YOUR INSTRUCTIONS |
Apart from the pictures, every record here must be copied word for word.

EXERCISE DATA |

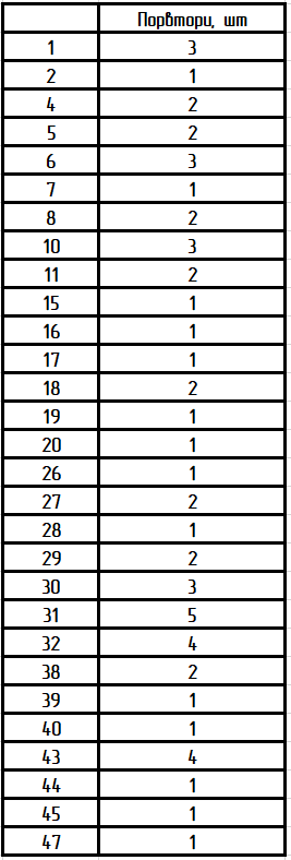 46×6, 6×3, 14×3, 5×2, 7×2, 8×2, 12×2, 22×2, 39×2, 1, 4, 10, 11, 15, 20, 21, 23, 24, 25, 27, 32, 33, 34, 38, 40, 41, 45, 47
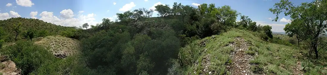Gondolin Cave is a fossiliferous dolomitic paleocave system in the Northwest Province, South Africa. The paleocave formed in the Eccles Formation dolomites (Malmani Subgroup, Chuniespoort Group carbonate-banded iron formation marine platform). Gondolin is currently the only described hominin-bearing fossil site in the Northwest Province-portion of the designated Cradle of Humankind UNESCO World Heritage Site. The cave is located on privately owned land and is not accessible to the public. As is the case with other South African Paleo-cave systems with Pliocene and/or Pleistocene fossil deposits, the system was mined for lime during the early 20th century. As a result, the system has been heavily disturbed and consists of only a small active cave, a series of in situ remnant cave deposits, and extensive dumpsites of ex situ calcified sediments produced during mining activities.[1][2][3][4]
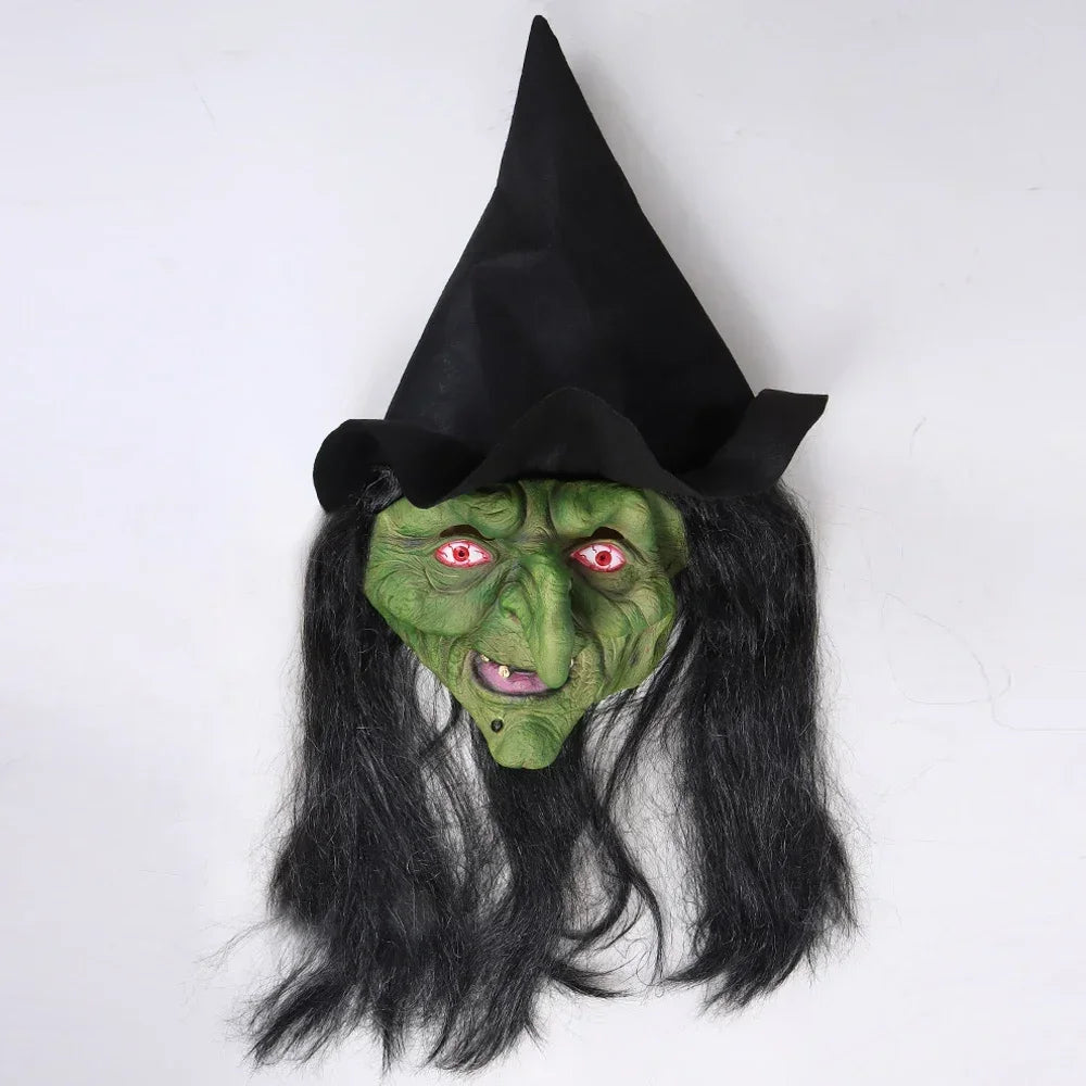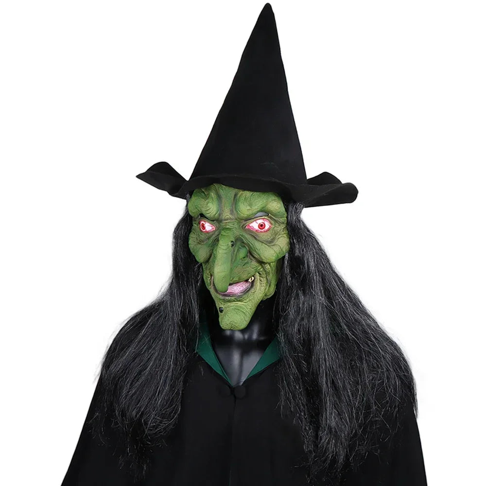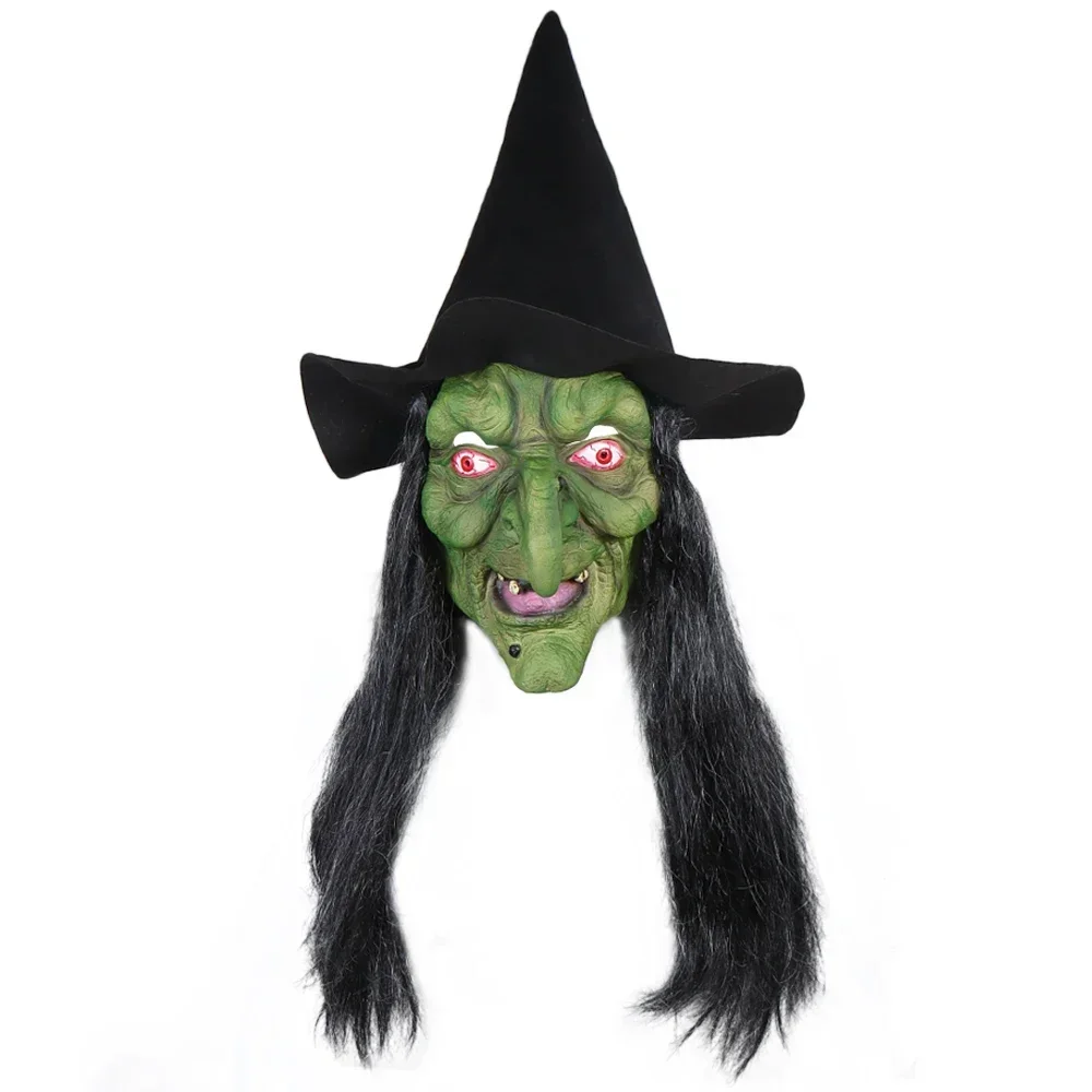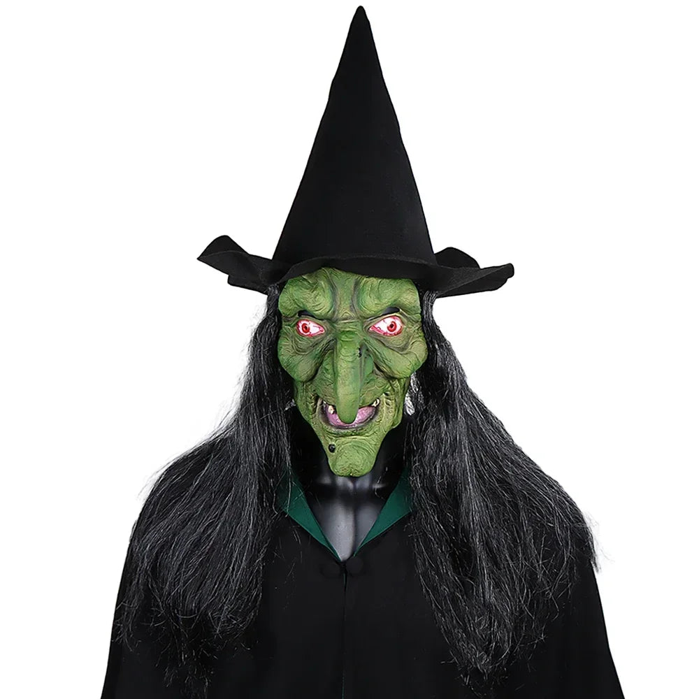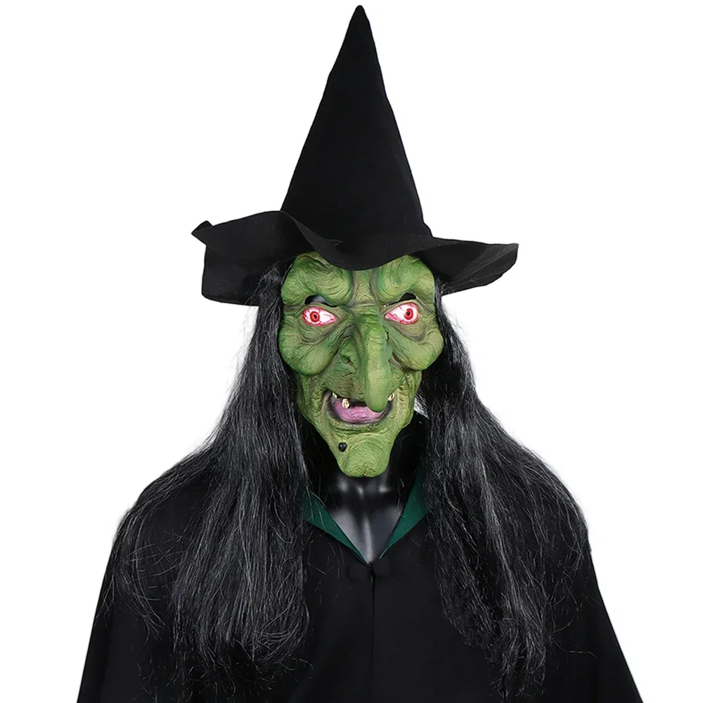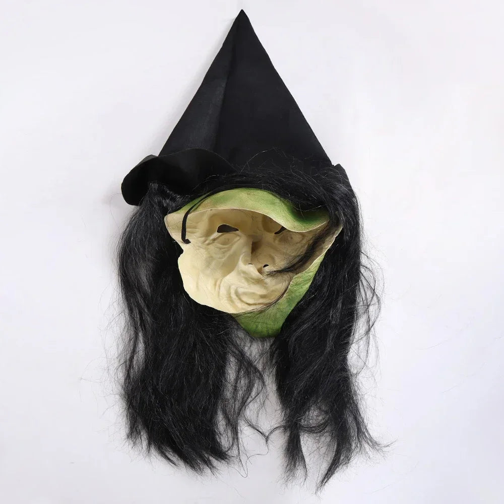 Halloween Horror Old Witch Mask with Hat Cosplay Scary Clown Hag Latex Masks Green Face Big Nose Old Women Costume Party Props
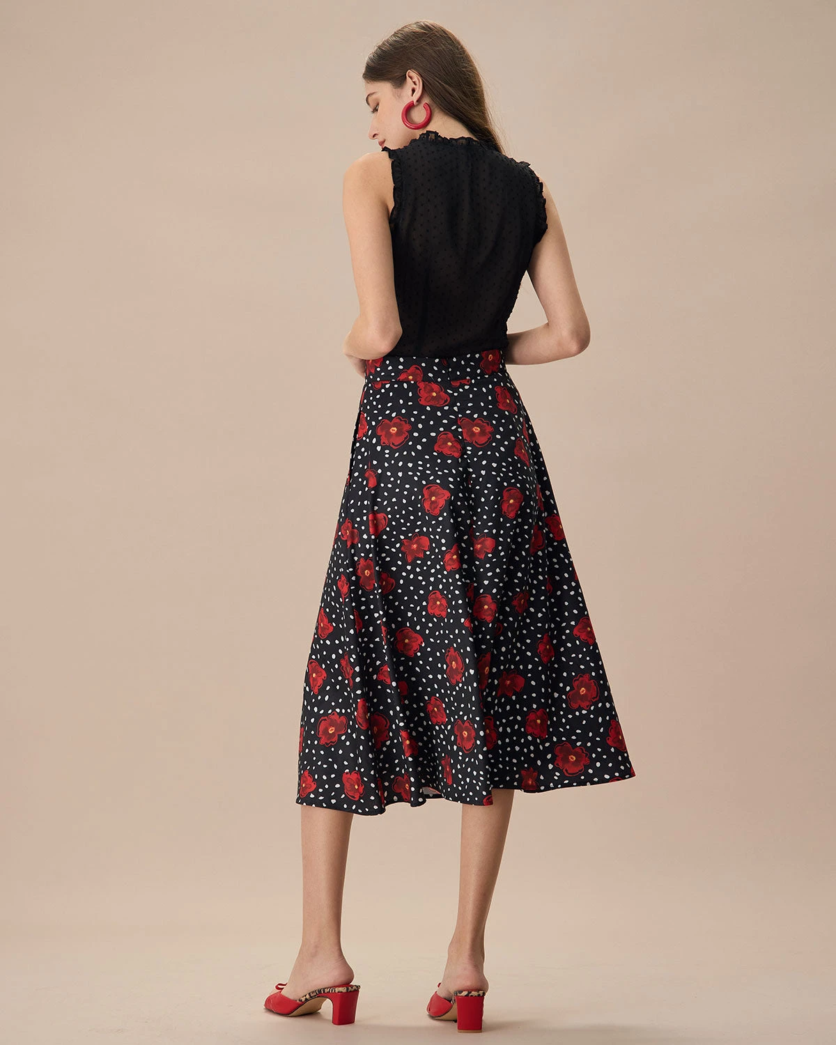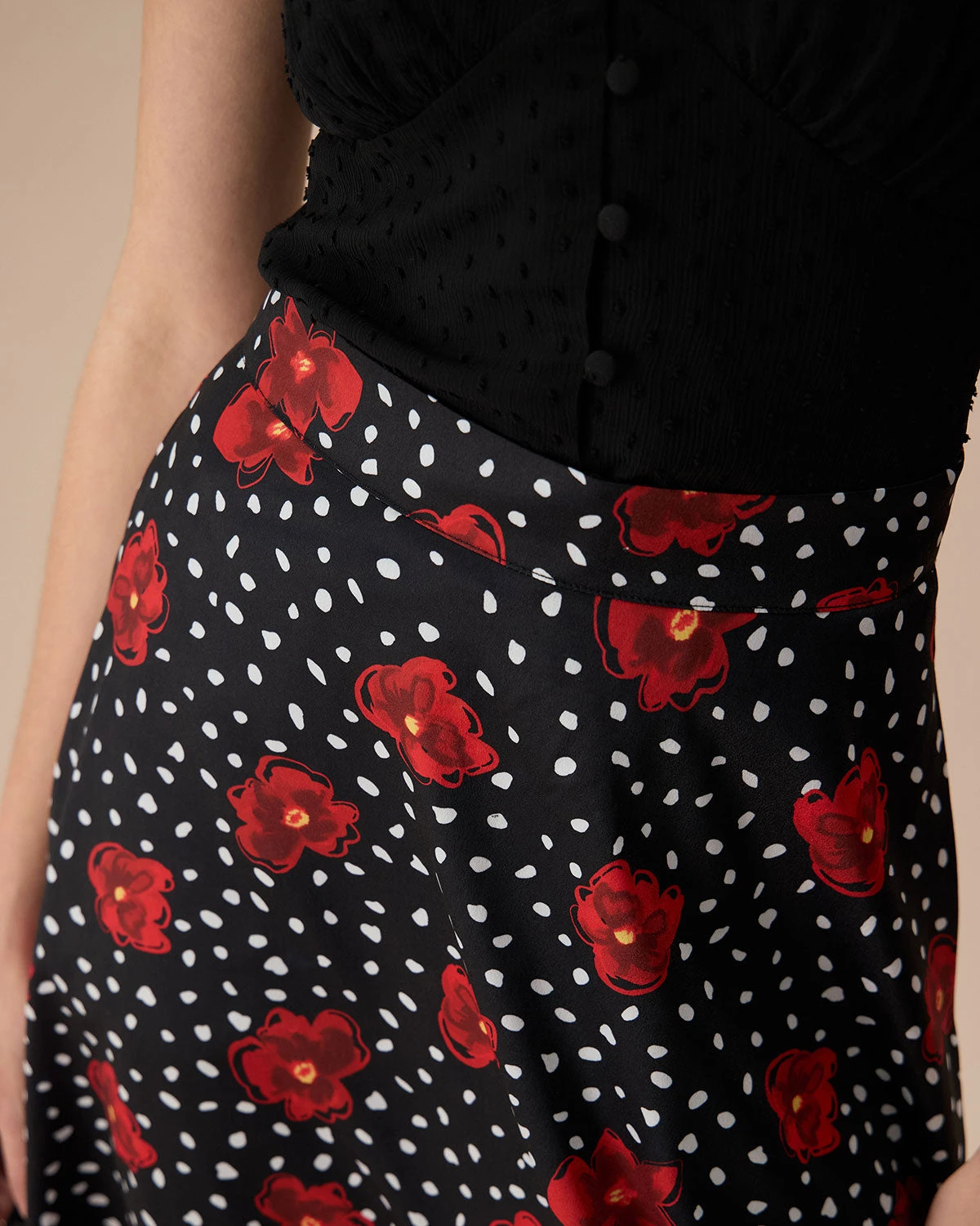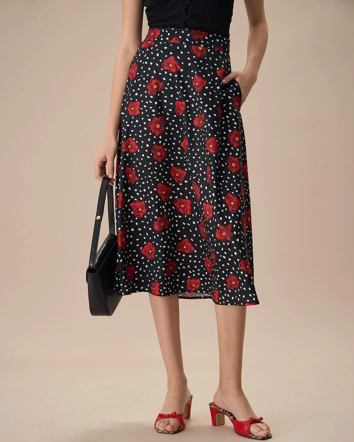 This skirt features a high-waisted design that accentuates the waist, creating a flattering silhouette. The elegant floral pattern adds a touch of timeless charm, while the practical pockets provide a functional and stylish detail.Â
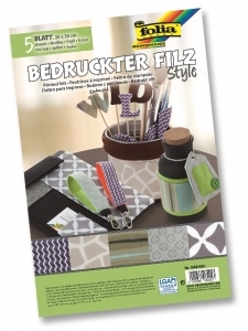 Rinkinį sudaro 5 filco (dirbtinio veltinio) lakštai įvairių dizainų.
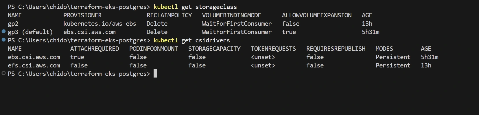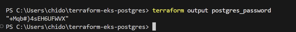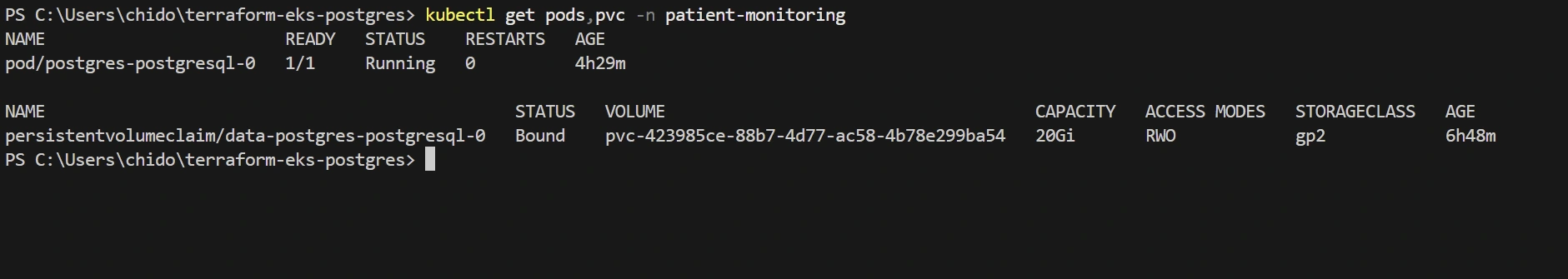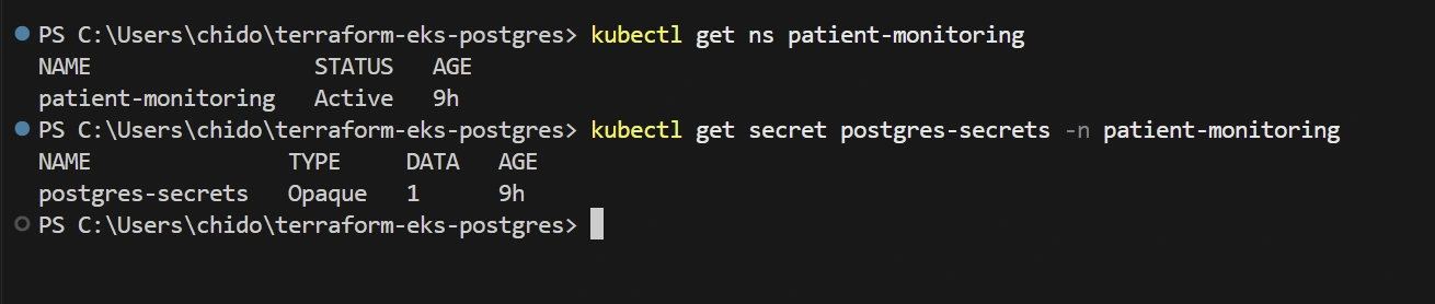 gp3 StorageClass for automatically provisioning storage when neededpatient-monitoring namespace for logical isolationpostgres-secrets Secret for secure credential storageabc.git remote add origin <URL> tells Git where to send your code online.git push -u origin master uploads your code and remembers the branch for future pushes..tf files, README.md, and your screenshots/ directory.terraform init prepares your directory for Terraform operations.terraform plan shows a preview of changes before applying them.terraform apply creates the actual resources in AWS.yes.kubectl how to talk to your new EKS cluster:update-kubeconfig writes cluster credentials to your local configuration.kubectl get nodes command should show your EKS nodes in Ready state.random_password Terraform resource ensures strong, unique passwords.patient-monitoring) creates a boundary around database resources.main branch.
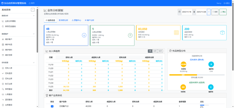 查询统计模块:提供多维度组合查询、库存异动分析和成布率自动计算功能,满足不同层面的数据分析需求。
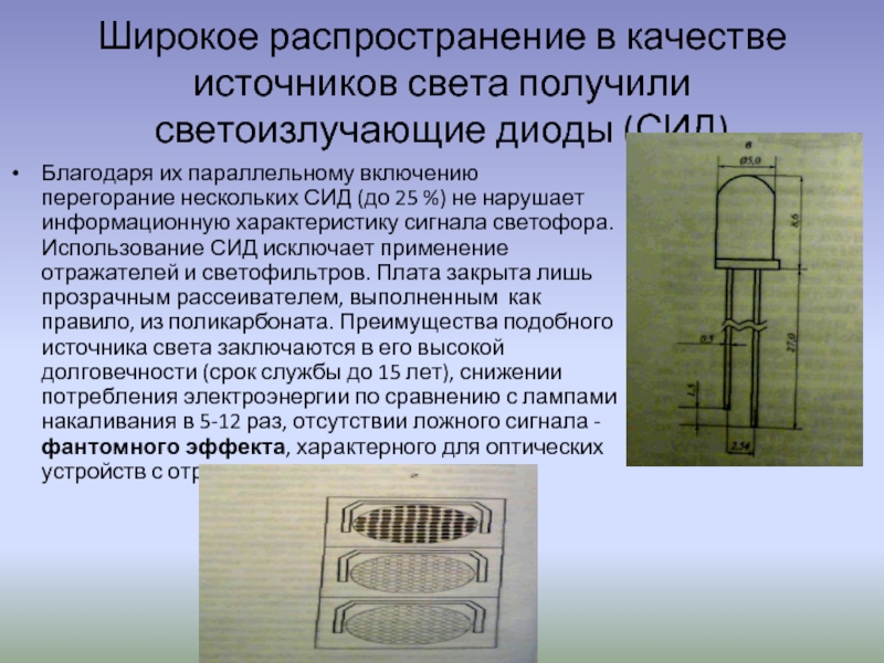 их параллельному включению перегорание нескольких СИД (до 25 %) не нарушает информационную характеристику сигнала светофора. Использование СИД исключает применение отражателей и светофильтров. Плата закрыта лишь прозрачным рассеивателем, выполненным как правило, из поликарбоната. Преимущества подобного источника света заключаются в его высокой долговечности (срок службы до 15 лет), снижении потребления электроэнергии по сравнению с лампами накаливания в 5-12 раз, отсутствии ложного сигнала - фантомного эффекта, характерного для оптических устройств с отражателем.

WRITTEN RESPONSE |
 46×6, 6×3, 14×3, 5×2, 7×2, 8×2, 12×2, 22×2, 39×2, 1, 4, 10, 11, 15, 20, 21, 23, 24, 25, 27, 32, 33, 34, 38, 40, 41, 45, 47
Gondolin Cave is a fossiliferous dolomitic paleocave system in the Northwest Province, South Africa. The paleocave formed in the Eccles Formation dolomites (Malmani Subgroup, Chuniespoort Group carbonate-banded iron formation marine platform). Gondolin is currently the only described hominin-bearing fossil site in the Northwest Province-portion of the designated Cradle of Humankind UNESCO World Heritage Site. The cave is located on privately owned land and is not accessible to the public. As is the case with other South African Paleo-cave systems with Pliocene and/or Pleistocene fossil deposits, the system was mined for lime during the early 20th century. As a result, the system has been heavily disturbed and consists of only a small active cave, a series of in situ remnant cave deposits, and extensive dumpsites of ex situ calcified sediments produced during mining activities.[1][2][3][4]
 Halloween Horror Old Witch Mask with Hat Cosplay Scary Clown Hag Latex Masks Green Face Big Nose Old Women Costume Party Props
 This skirt features a high-waisted design that accentuates the waist, creating a flattering silhouette. The elegant floral pattern adds a touch of timeless charm, while the practical pockets provide a functional and stylish detail.Â
 Rinkinį sudaro 5 filco (dirbtinio veltinio) lakštai įvairių dizainų.
 gp3 StorageClass for automatically provisioning storage when neededpatient-monitoring namespace for logical isolationpostgres-secrets Secret for secure credential storageabc.git remote add origin <URL> tells Git where to send your code online.git push -u origin master uploads your code and remembers the branch for future pushes..tf files, README.md, and your screenshots/ directory.terraform init prepares your directory for Terraform operations.terraform plan shows a preview of changes before applying them.terraform apply creates the actual resources in AWS.yes.kubectl how to talk to your new EKS cluster:update-kubeconfig writes cluster credentials to your local configuration.kubectl get nodes command should show your EKS nodes in Ready state.random_password Terraform resource ensures strong, unique passwords.patient-monitoring) creates a boundary around database resources.main branch.
 查询统计模块:提供多维度组合查询、库存异动分析和成布率自动计算功能,满足不同层面的数据分析需求。
 их параллельному включению перегорание нескольких СИД (до 25 %) не нарушает информационную характеристику сигнала светофора. Использование СИД исключает применение отражателей и светофильтров. Плата закрыта лишь прозрачным рассеивателем, выполненным как правило, из поликарбоната. Преимущества подобного источника света заключаются в его высокой долговечности (срок службы до 15 лет), снижении потребления электроэнергии по сравнению с лампами накаливания в 5-12 раз, отсутствии ложного сигнала - фантомного эффекта, характерного для оптических устройств с отражателем.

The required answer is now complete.